For the original document, look here.
BSON is a binary format in which zero or more ordered key/value pairs are stored as a single entity. We call this entity a document.
The following grammar specifies version 1.1 of the BSON standard. We’ve written the grammar using a pseudo-BNF syntax. Valid BSON data is represented by the document non-terminal.
The following basic types are used as terminals in the rest of the grammar. Each type must be serialized in little-endian format.
byte 1 byte (8-bits) int32 4 bytes (32-bit signed integer, two’s complement) int64 8 bytes (64-bit signed integer, two’s complement) uint64 8 bytes (64-bit unsigned integer) double 8 bytes (64-bit IEEE 754-2008 binary floating point) decimal128 16 bytes (128-bit IEEE 754-2008 decimal floating point)
The following specifies the rest of the BSON grammar. Note that quoted strings represent terminals, and should be interpreted with C semantics (e.g. “0x01” represents the byte 0000 0001). Also note that we use the * operator as shorthand for repetition (e.g. (“0x01”*2) is “0x010x01”). When used as a unary operator, * means that the repetition can occur 0 or more times.
document ::=
int32 e_list "0x00" ①
element-list ::=
element element-list
| ""
element ::=
"0x01" e_name double 64-bit binary floating point
| "0x02" e_name string UTF-8 string
| "0x03" e_name document Embedded document
| "0x04" e_name document Array
| "0x05" e_name binary Binary data
| "0x06" e_name Undefined (value) — Deprecated
| "0x07" e_name (byte*12) ObjectId
| "0x08" e_name "0x00" Boolean "false"
| "0x08" e_name "0x01" Boolean "true"
| "0x09" e_name int64 UTC datetime
| "0x0A" e_name Null value
| "0x0B" e_name cstring cstring Regular expression
| "0x0C" e_name string (byte*12) DBPointer — Deprecated
| "0x0D" e_name string JavaScript code
| "0x0E" e_name string Symbol. — Deprecated
| "0x0F" e_name code_w_s JavaScript code w/ scope — Deprecated
| "0x10" e_name int32 32-bit integer
| "0x11" e_name uint64 Timestamp
| "0x12" e_name int64 64-bit integer
| "0x13" e_name decimal128 128-bit decimal floating point
| "0xFF" e_name Min key
| "0x7F" e_name Max key
e_name ::=
cstring Key name
string ::=
int32 (byte*) "0x00" String - The int32 is the number bytes in the (byte*) + 1 (for the trailing '0x00'). The (byte*) is zero or more UTF-8 encoded characters.
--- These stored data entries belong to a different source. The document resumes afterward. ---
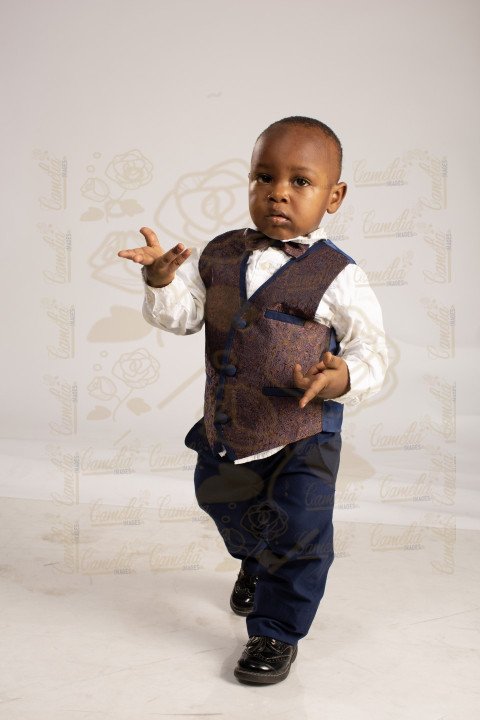 Petit enfant africain élégant jacket chemise blanche pantalon bleu paire noire mouvement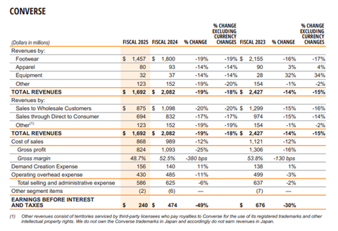 Converse’s revenues for fiscal 2025 (ended May 31) amounted to 3.65 percent of the total for Nike Inc. The annual report tells of a halving of Converse EBIT (down 49%, from $474m to $240m).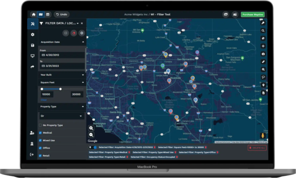 | Spatial Analysis | Use radius mapping, lasso selection, and proximity analysis to segment data geographically. Calculate distances between locations instantly. Export points within any boundary. Filter results by category, number range, date, or custom criteria with real-time map updates. |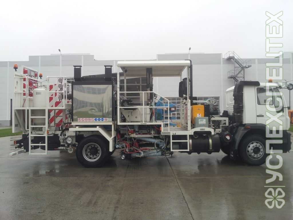 Машина для разметки холодным спрейпластиком. Внутреннее смешивание в смесительной головке. Оснащается разметочным компьютером. Запуск двигателя электростартером. Подача стеклошариков. Скорость передвижения до 16 км/час. Два бака для компонентов и бак для растворителя. Съёмный пистолет для спрейпластика и стеклошариков. Автоматическая промывка.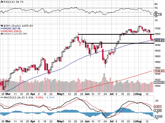 Závěr: Index S&P 500 ve čtvrtek přišel o více než 1 %. Objem obchodů zůstal průměrný, ani v pátek se při dalším sestupu nezvýšil. Od historického maxima ze začátku srpna se jedná o pokles pouze o 3,2 % a vývoj zatím nenaznačuje ukončení 4letého býčího trhu. Zřejmě ale bude chvíli trvat, než se index vrátí nad 1 700 bodů.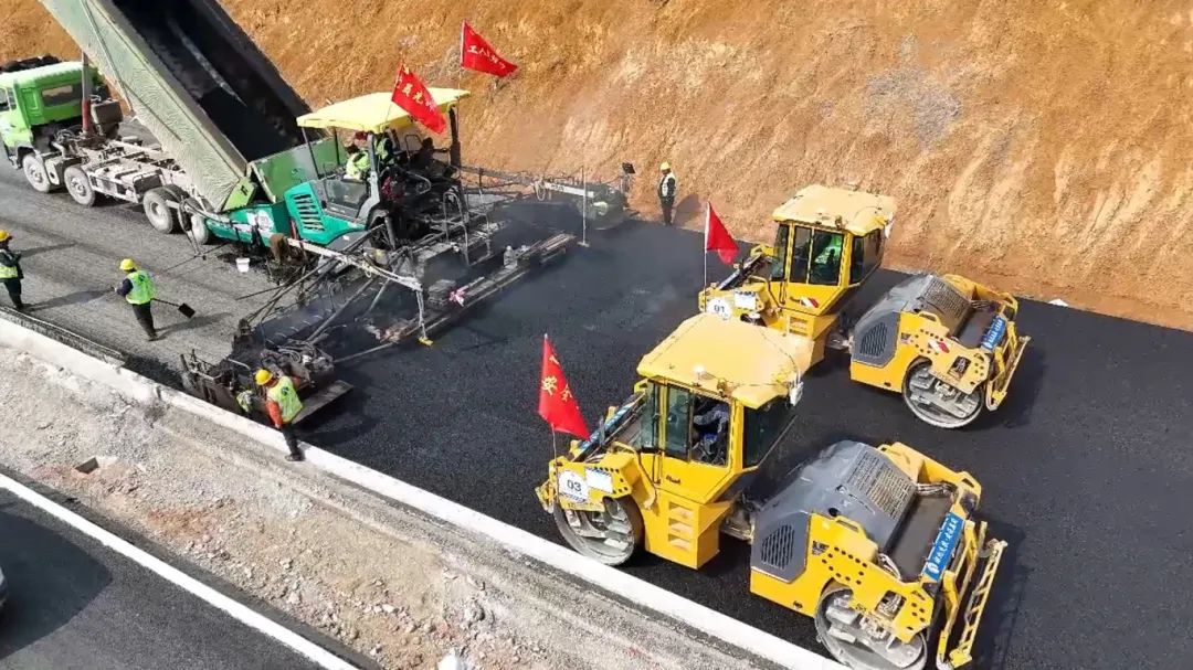 下层是道路承载能力和使用寿命的重要保证,在保证整个工程质量方面发挥着重要作用。自2024年11月试验段成功铺设以来,下层铺设已完成14公里,工程量约占总数的15%,中层铺设9公里,工程量约占9%。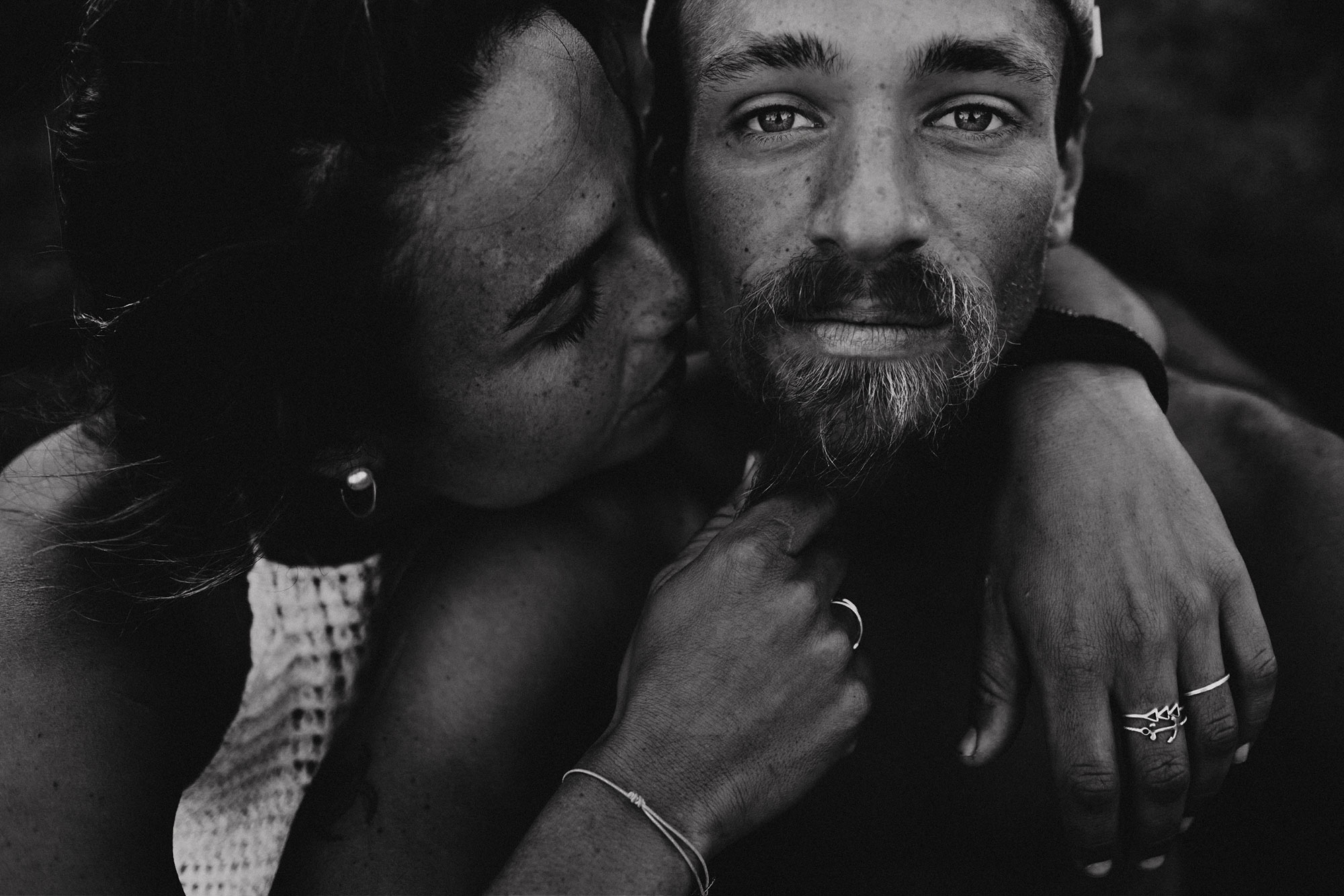 Photographers Don and Helen had a unique challenge with this engagement shoot for surfer couple Max and Giulia. As it turns out, Max, the groom-to-be, had never really been photographed before. “The first couple hundred images we have were taken as ‘warm up’ photos,” the photography duo explains. “We wanted to make sure that Max felt comfortable, so we let him cuddle his dogs and throw stones into the ocean. It was really important to assure the couple that they were doing an amazing job. This is a game changer and really boosted their confidence.”

cstring ::= (byte*) "0x00" Zero or more modified UTF-8 encoded characters followed by '0x00'. The (byte*) MUST NOT contain '0x00', hence it is not full UTF-8.
binary ::= int32 subtype (byte*) Binary - The int32 is the number of bytes in the (byte*).
subtype ::= "0x00" Generic binary subtype
| "0x01" Function
| "0x02" Binary (Old)
| "0x03" UUID (Old)
| "0x04" UUID
| "0x05" MD5
| "0x06" Encrypted BSON value
| "0x80" User defined
code_w_s ::= int32 string document Code w/ scope — Deprecated
① BSON Document. int32 is the total number of bytes comprising the document.